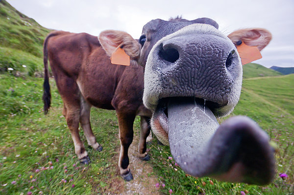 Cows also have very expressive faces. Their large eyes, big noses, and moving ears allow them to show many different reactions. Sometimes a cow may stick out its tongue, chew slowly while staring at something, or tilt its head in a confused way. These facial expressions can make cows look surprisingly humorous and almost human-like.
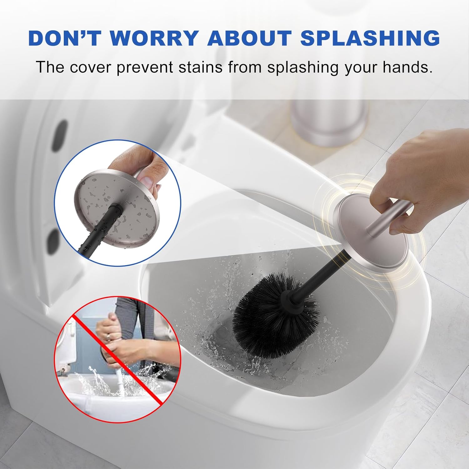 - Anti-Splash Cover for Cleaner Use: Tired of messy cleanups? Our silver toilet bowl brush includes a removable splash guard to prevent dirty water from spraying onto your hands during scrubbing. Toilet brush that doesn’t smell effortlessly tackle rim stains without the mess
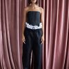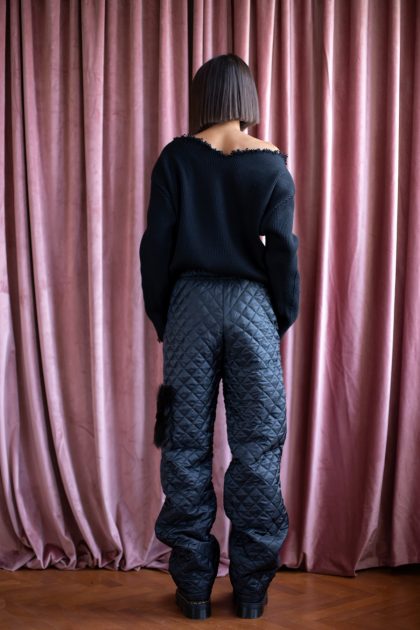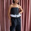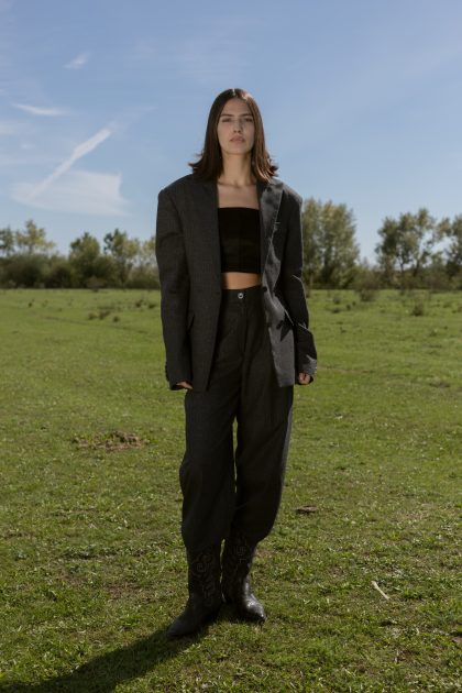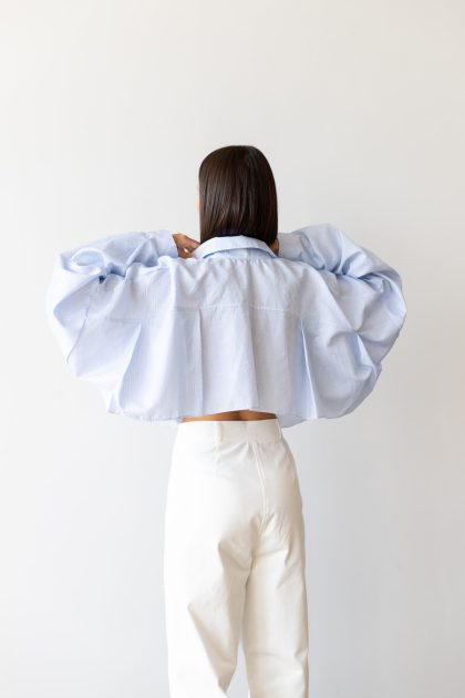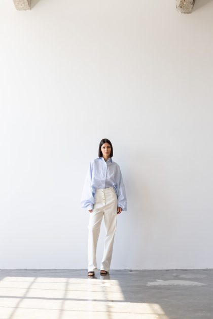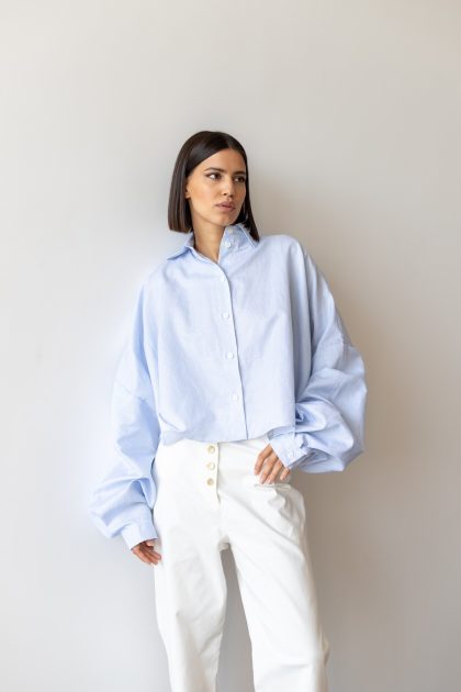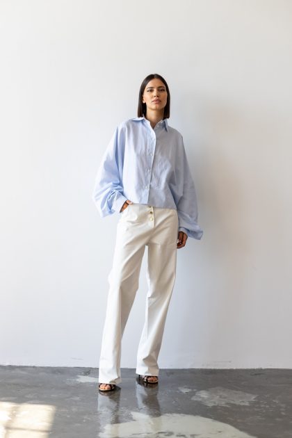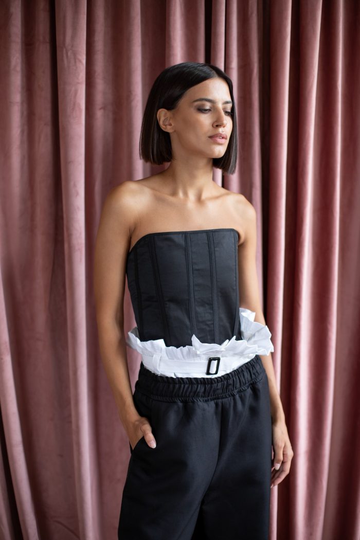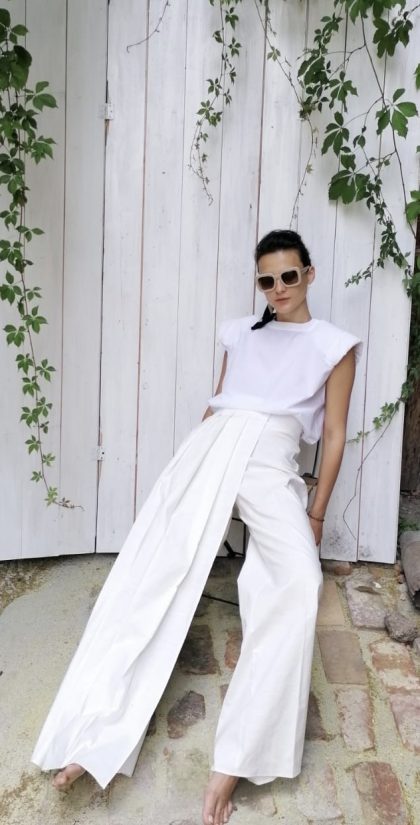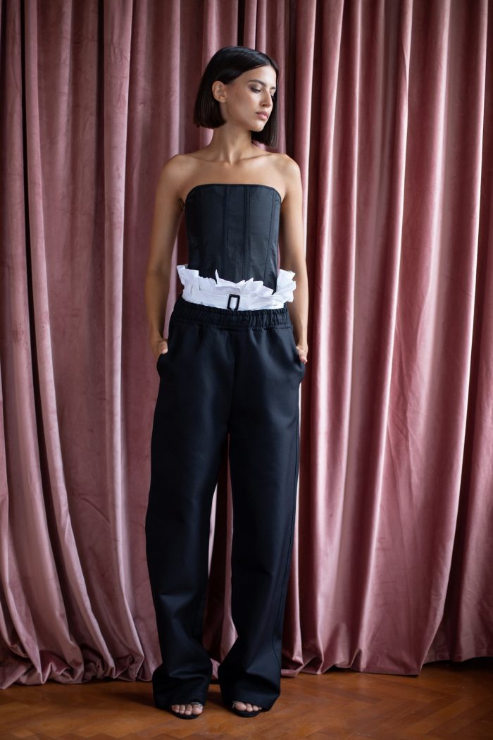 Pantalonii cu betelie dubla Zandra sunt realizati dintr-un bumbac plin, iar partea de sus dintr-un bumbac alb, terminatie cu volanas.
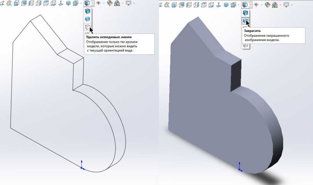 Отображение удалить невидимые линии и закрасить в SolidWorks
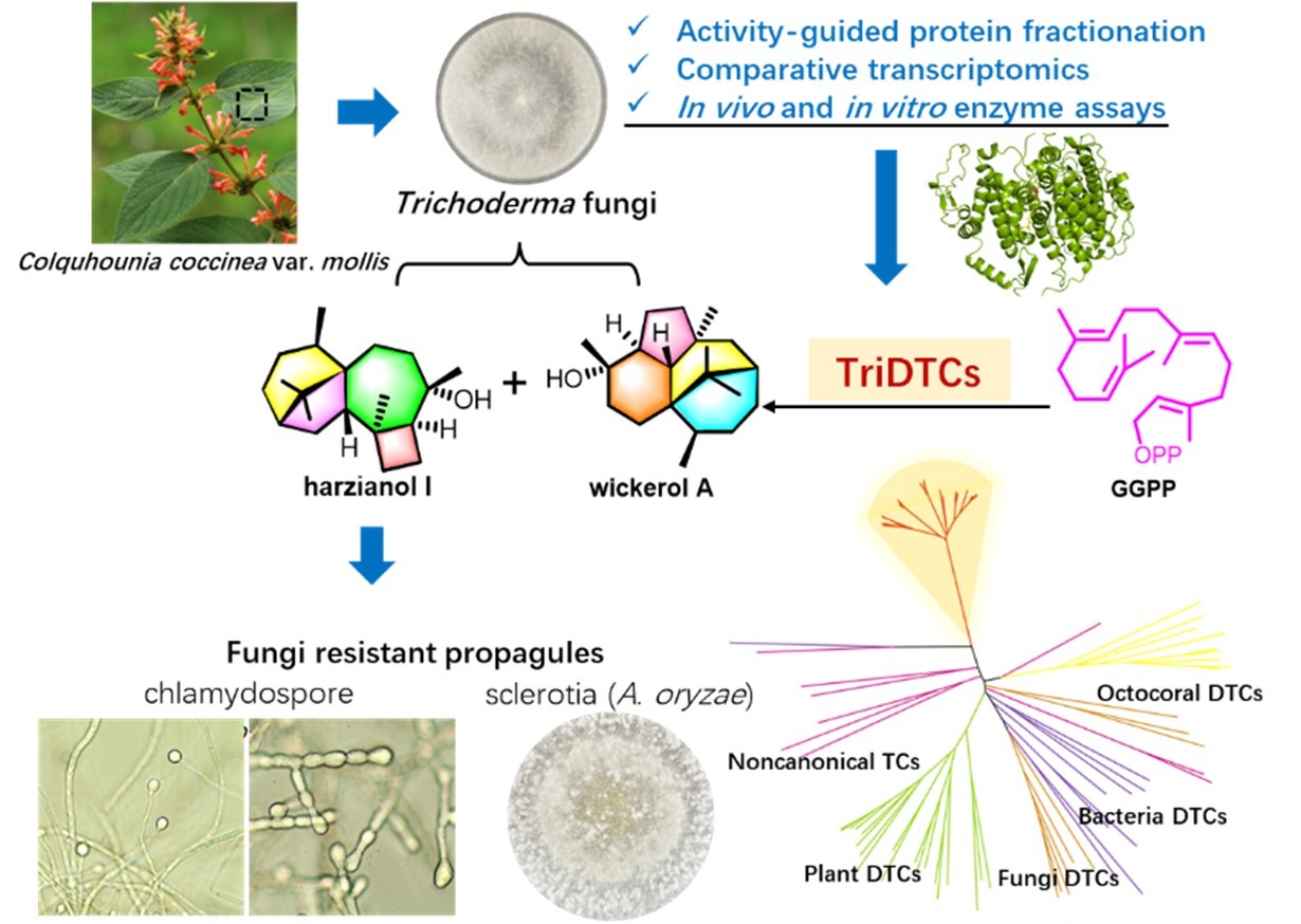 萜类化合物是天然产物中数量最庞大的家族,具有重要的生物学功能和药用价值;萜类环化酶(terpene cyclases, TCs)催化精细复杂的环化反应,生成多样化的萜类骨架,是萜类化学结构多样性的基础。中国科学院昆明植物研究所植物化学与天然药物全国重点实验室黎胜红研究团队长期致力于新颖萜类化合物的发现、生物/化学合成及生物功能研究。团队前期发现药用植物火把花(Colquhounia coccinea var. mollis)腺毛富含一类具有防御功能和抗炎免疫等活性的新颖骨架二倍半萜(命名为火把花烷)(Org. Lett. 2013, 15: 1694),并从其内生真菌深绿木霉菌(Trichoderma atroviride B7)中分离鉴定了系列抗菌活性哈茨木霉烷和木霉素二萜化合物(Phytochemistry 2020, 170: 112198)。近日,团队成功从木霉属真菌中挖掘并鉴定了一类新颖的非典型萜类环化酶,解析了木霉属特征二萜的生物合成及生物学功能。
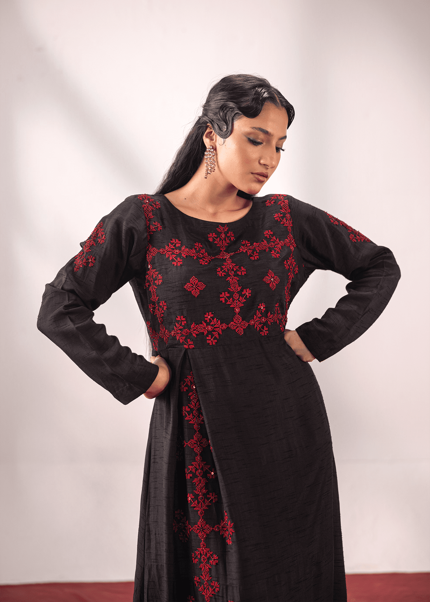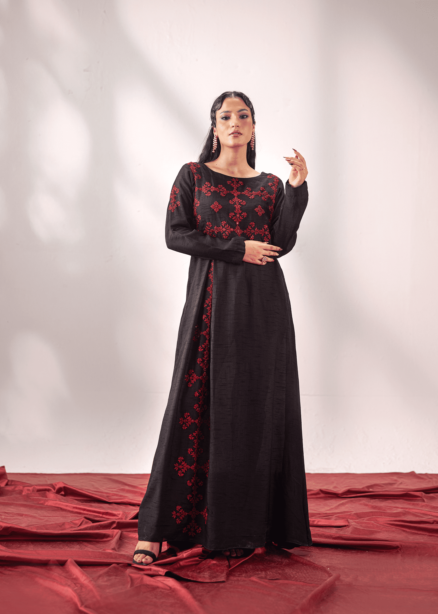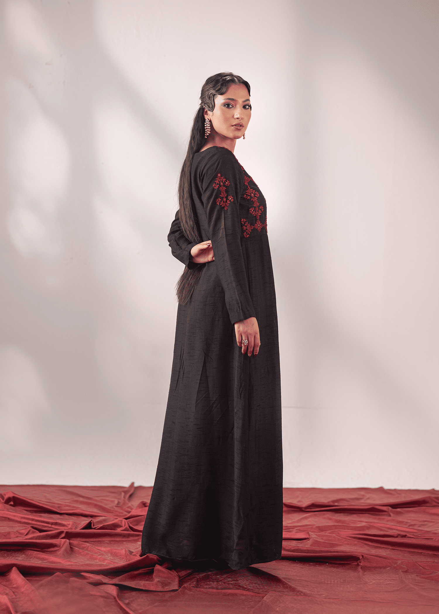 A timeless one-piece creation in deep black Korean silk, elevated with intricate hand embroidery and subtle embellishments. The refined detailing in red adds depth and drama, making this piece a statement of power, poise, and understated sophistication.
^^^^
Exercise goal: The response should reproduce all the material above exactly and leave out its pictures.

Result for this task:
 Cows also have very expressive faces. Their large eyes, big noses, and moving ears allow them to show many different reactions. Sometimes a cow may stick out its tongue, chew slowly while staring at something, or tilt its head in a confused way. These facial expressions can make cows look surprisingly humorous and almost human-like.
 - Anti-Splash Cover for Cleaner Use: Tired of messy cleanups? Our silver toilet bowl brush includes a removable splash guard to prevent dirty water from spraying onto your hands during scrubbing. Toilet brush that doesn’t smell effortlessly tackle rim stains without the mess
 Pantalonii cu betelie dubla Zandra sunt realizati dintr-un bumbac plin, iar partea de sus dintr-un bumbac alb, terminatie cu volanas.
 Отображение удалить невидимые линии и закрасить в SolidWorks
 萜类化合物是天然产物中数量最庞大的家族,具有重要的生物学功能和药用价值;萜类环化酶(terpene cyclases, TCs)催化精细复杂的环化反应,生成多样化的萜类骨架,是萜类化学结构多样性的基础。中国科学院昆明植物研究所植物化学与天然药物全国重点实验室黎胜红研究团队长期致力于新颖萜类化合物的发现、生物/化学合成及生物功能研究。团队前期发现药用植物火把花(Colquhounia coccinea var. mollis)腺毛富含一类具有防御功能和抗炎免疫等活性的新颖骨架二倍半萜(命名为火把花烷)(Org. Lett. 2013, 15: 1694),并从其内生真菌深绿木霉菌(Trichoderma atroviride B7)中分离鉴定了系列抗菌活性哈茨木霉烷和木霉素二萜化合物(Phytochemistry 2020, 170: 112198)。近日,团队成功从木霉属真菌中挖掘并鉴定了一类新颖的非典型萜类环化酶,解析了木霉属特征二萜的生物合成及生物学功能。
 A timeless one-piece creation in deep black Korean silk, elevated with intricate hand embroidery and subtle embellishments. The refined detailing in red adds depth and drama, making this piece a statement of power, poise, and understated sophistication.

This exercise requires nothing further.